When NetBox is the authoritative source, the provisioning code is not the source of truth, it is an implementation of the truth. Terraform and Ansible consume NetBox data to produce infrastructure that matches the declared intent. If the state file drifts from NetBox, that drift is detectable and correctable. If two systems disagree about a device’s IP address, the question “which is correct?” has a clear answer: NetBox. The authority is not ambiguous.


What this changes operationally

The most immediate change is in the operational questions you can answer with confidence.

“What IP is assigned to this host?” has one answer: NetBox. Not the Terraform state, not the DNS entry, not the inventory file that someone maintains by hand. NetBox.

“What services does this device provide?” One answer.

“Which hosts are in the lab environment?” One query, one result, consistent across provisioning tools.

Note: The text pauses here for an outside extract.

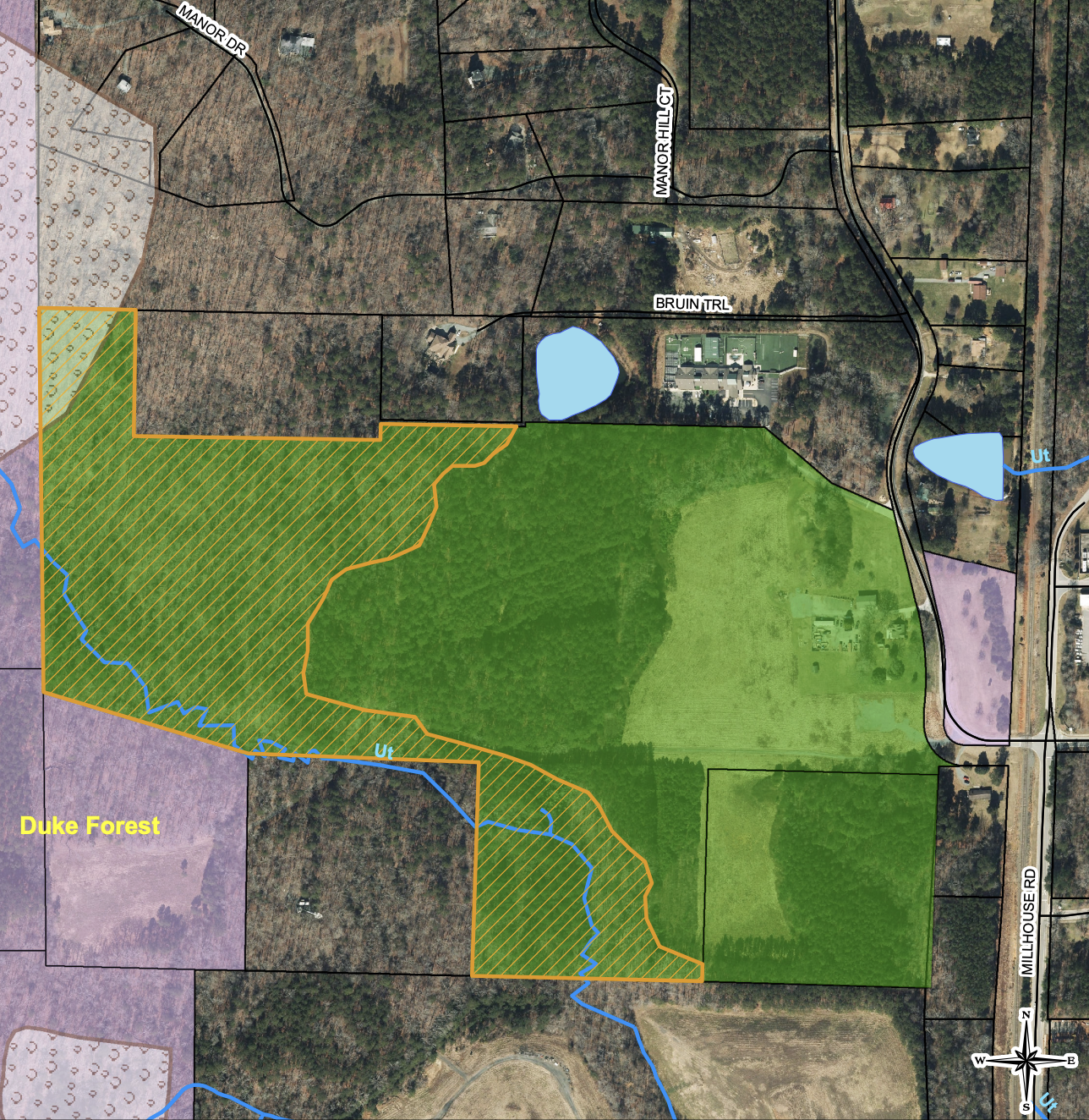 The 75-acre site located north of Chapel Hill. The county plans to sell the eastern 45 acres to a nonprofit for the purpose of creating a recreational playing field facility. (Photo via the Orange County government.)

This sounds obvious when written out, but many environments still lack clean answers to those questions. The IP address was in the Terraform state, a different address was in the inventory, and the monitoring had picked up a third one from a DHCP lease. All three were different. Nobody could confidently say which one was correct without doing archaeology.

When a single system is authoritative, that kind of drift is detectable rather than invisible. You can compare the provisioned state against the NetBox record and surface discrepancies. Drift becomes a defined problem with a defined remediation path rather than a fog of uncertainty that operators work around.


The discipline required

A source-of-truth model only works if the discipline to maintain it holds. NetBox is only authoritative if engineers consistently update it before making infrastructure changes, not after, not sometimes, but as the first step.

This is harder than it sounds. Under time pressure, updating NetBox feels like overhead. The change needs to happen now; the documentation can wait. And once “it can wait” becomes the norm, the source of truth stops being true. It becomes another partially accurate record that people consult but don’t fully trust.

The operational model needs to make NetBox updates part of the change process, not a separate documentation task. In practice this means automation that reads from NetBox before it runs, so stale or incomplete records produce an obvious error rather than quietly propagating wrong data. The friction is deliberate. It is what keeps the source of truth credible under the conditions where that credibility is most likely to erode.

In a well-structured platform, NetBox becomes a first-class data source in exactly this way: the automation layer queries it for authoritative state before execution, and preflight checks fail if the expected record is missing or inconsistent. That friction is a feature.


Where this fits in a broader automation model

NetBox-driven automation is most valuable in environments where infrastructure changes frequently enough that manual documentation cannot keep up, but carefully enough that every change should be intentional and traceable.

Hybrid environments with on-prem networking, cloud landing zones, and edge capacity are a good fit. The IP space spans multiple environments. The device inventory is heterogeneous, physical servers, VMs, network appliances, cloud resources. The service topology changes as modules are deployed and retired. Keeping all of that coherent without a single authoritative source is possible, it just requires an amount of manual effort that grows with the environment and degrades with team turnover.

The automation model that derives from NetBox does not eliminate the effort of maintaining accurate records. It moves that effort upstream, to the point where intent is declared, and makes everything downstream more reliable as a result. The change control discipline that used to be distributed across multiple partially-accurate systems gets concentrated in one place, where it can be enforced rather than merely encouraged.

Infrastructure becomes predictable when intent is centralised. That is the argument for source-of-truth automation, and it holds regardless of which tool you use to implement it.